_HOW TO COMPLETE THIS TASK_: Your task is to transcribe all of the data below exactly, omitting the images.

_STORED DATA_:
* * * * * * *
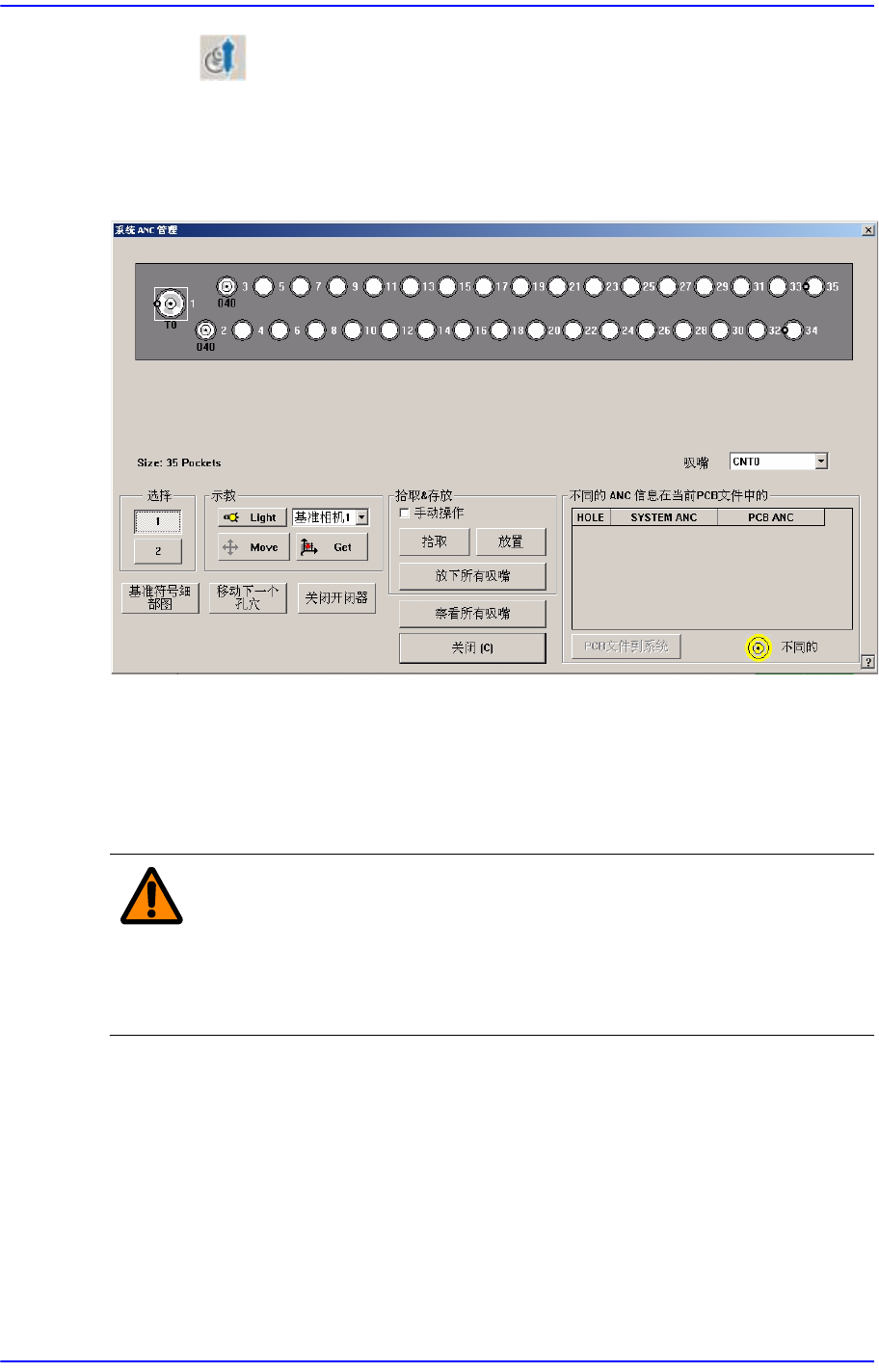 单击此按钮时,吸取在ANC当前选择的Hole上的吸嘴。将要吸取的头在 “装
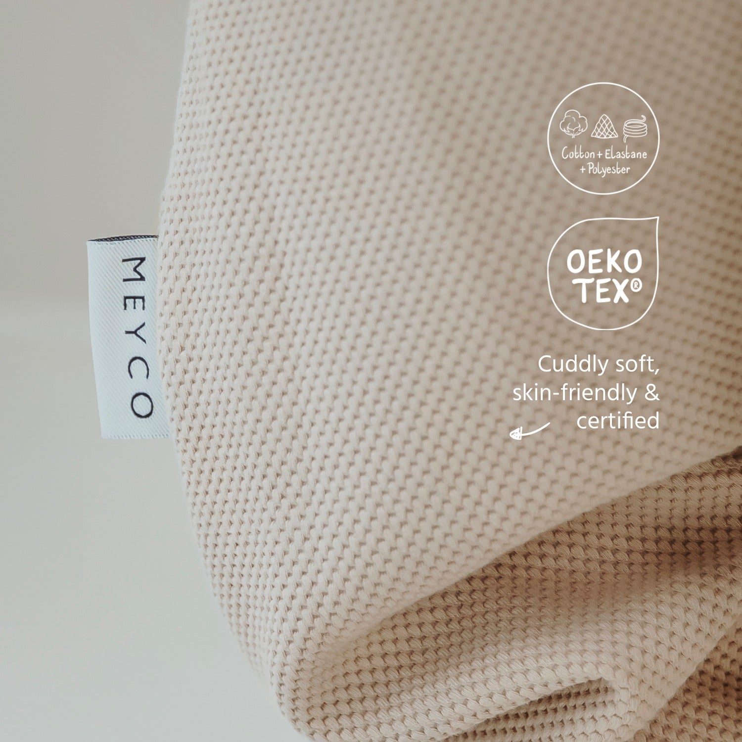 - Double-layer fabric: inside 100% cotton jersey, outside 58% cotton, 38% polyester, 3% elastane
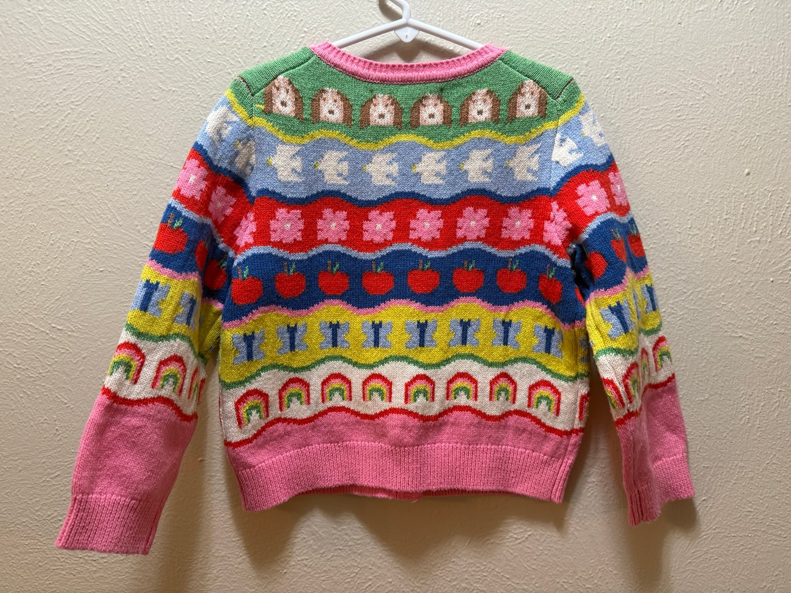 A wool-and-cotton blend offers exceptional comfort for your little darling in this charming cardigan featuring a fun take on classic Fair Isle.
* * * * * * *
_SOLUTION_:
 单击此按钮时,吸取在ANC当前选择的Hole上的吸嘴。将要吸取的头在 “装
 - Double-layer fabric: inside 100% cotton jersey, outside 58% cotton, 38% polyester, 3% elastane
 A wool-and-cotton blend offers exceptional comfort for your little darling in this charming cardigan featuring a fun take on classic Fair Isle.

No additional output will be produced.